Here is your warning: I overthink A LOT.
I don't know why I do and nothing can stop it. I am the person that may be worn out and about to fall asleep standing up, but as soon as I lay down my head is racing.
"What did he mean in that text?"
"Did I get all of my stuff from work?"
"What if that professor just absolutely hates me? She did sound kind of rude in that email. Did I do something wrong in class?"
"Are you sure that you can pass all of these classes? They are pretty hard."
It is a never ending cycle of questions and what ifs.They run through my head all the time, especially at night. The smallest fight can start a week long bothersome session. Just hang in there with me, please. Don't tell me everything is going to be alright, I try telling that to myself a hundred times a day and nothing. Don't tell me not to worry about it--- that will just make me think about it more.
I will try to distract myself from my own thoughts multiple times between cleaning the house or picking up extra hours at work.
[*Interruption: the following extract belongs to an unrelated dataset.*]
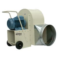 Portabel fläkt FAST -P för evakuering av förorenad/dammig luft ifrån tillverkningsprocess av papper/trä/läder/tyg och plastindustri. Direktdriven motor med motorskydds-brytare, 1f 230V. Skyddsklass IP54.

Anything that distracts myself from the thoughts that try to drown me. Please don't try to tell me to take it easy, just let me distract myself but only if I am doing so in a way that isn't pushing you away. You deserve my attention and I will try to use you and our relationship to distract myself also.
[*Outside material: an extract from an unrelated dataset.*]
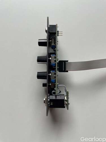 Rosie is an output interfacing module with the added functionalities of FX Loop, Crossfader and Auto-Cue system. It is designed to facilitate live performance on the modular synthesizer by allowing the artist to preview and modify portions of a patch using the Auto-CUE system, while the audience is listening to a different portion of the patch as selected by the crossfader. Additionally it allows for Stereo processing of all sounds via the FX Loop. The Rosie is suitable for headphone monitoring of the modular system and interfacing the modular system to a recording environment. Internal Level Matching and Limiting w/ overload indication makes it easy to connect the modular system in the studio or on stage.

Instead of "don't" statements try encouraging me, try asking me if I need anything. Ask if I would like to make brownies with you in the kitchen when I get home so we can play around and sing at the top of our lungs. Try helping me pick out a new book to read at the bookstore to keep for work breaks. Try sending words of encouragement when I have a HUGE exam and I've been stressing about for days. Try rubbing my hand in a long car ride, even if it's just for a few seconds. It's so calming for me and you don't even realize the impact it can have.
Work with me and don't give up on me. Try putting yourself in my shoes and realizing I really can't help all these thoughts no matter how much I try to. I will try not to let the thoughts distract me from our relationship and will probably have pictures of us in random places to get my mind off of things. I know it seems like a lot sometimes and like I can be ADHD when I cant get the thoughts to stop in mind conversations, but I am trying.